Poor little Cody (Holliston Coleman). Only six years
old and already everyone wants a piece of her. Cody's
special in a very particular way in a second-coming
kind of way which, in movie-logic, makes her the
prime target for a slew of Satan's minions, yet again
descending on New York City, as they did so memorably
in Rosemary's Baby and, more recently, in
Schwarzenegger's stab at the occult, End of Days.

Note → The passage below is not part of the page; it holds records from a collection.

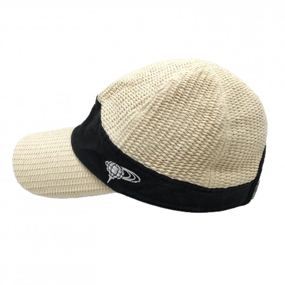 ビームスゴルフ キャップ ライトベージュ×黒 麦わら風 ロゴ刺しゅう ゴルフウェア BEAMS GOLF
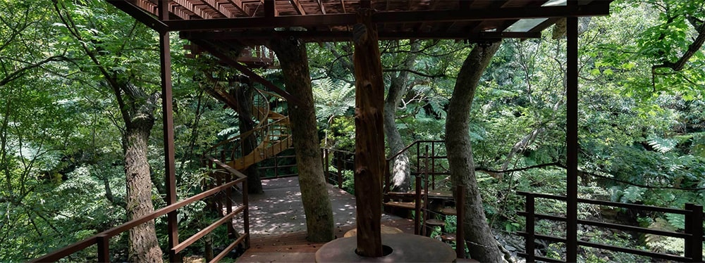 沖縄を代表する清流の一つ、源河川のほとりに立つツリーハウスの周りには360度の亜熱帯の森が広がり、室内ではハウスを支えている木の幹に触れることもできます。自然と一体となった空間づくりはゲストルームだけでなく共用部分にも及び、自然と人の境目があえて曖昧にデザインされています。
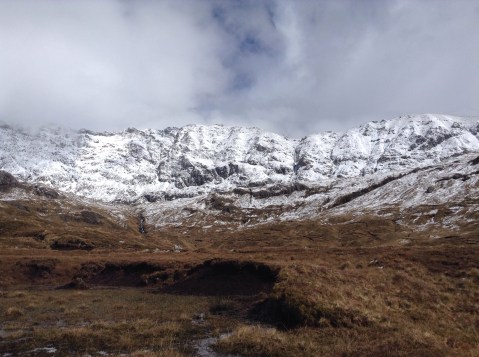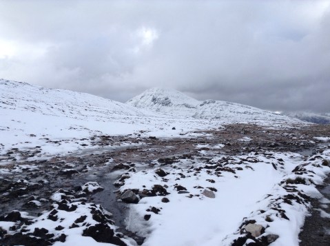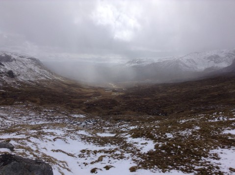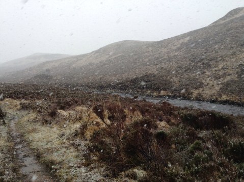 It had been snowing in Inchnadamph when I woke up, having spent a relatively sleepless night wrestling with whether I should get on the bus at 08.00 on the way home or not. I’d set the alarm to get the bus but when my feet touched the floor the grinding pain on the blisters and sores had reduced a lot. A second factor in deciding to give it another try was a message from Chris Morrish, a Gashead mate who has been right supportive through the South West trek and on this one. I’m carrying on as long as I physically can.

Add to this the fact that Cody's primary guardian is
her well-intentioned but startlingly inept Aunt Maggie
(Kim Basinger), and it's clear that the child is in
for a rough time in Bless the Child.
To be fair, some of Aunt Maggie's judgment errors
might be attributed to her understandable lack of
expertise in dealing with the Devil. But this doesn't
mitigate the fact that most of what happens in the
film is plain silly, a function of poor scripting (not
surprisingly, as it's written by a string of people
connected by ands and ampersands) and uninspired
performances by just about everyone involved. Take,
for instance, the apparent extraordinary connection
between Maggie and Cody, most odiously illustrated by
their shared visions of swarming digitized rodents and
swooping digitized gargoyles. This is likely a good
thing, a sign that Maggie's lapsed Catholicism will
not necessarily keep her from salvation when the time
comes. But the visions are also disquieting, not in
themselves (the effects are very cheesy), but in
Maggie's complete inability to handle them
intelligently. Mostly, she appears to pretend they
aren't there, though it's hard to say exactly what
she's thinking, as she closes her eyes, crinkles her
nose, and looks fretful and, um, fragile.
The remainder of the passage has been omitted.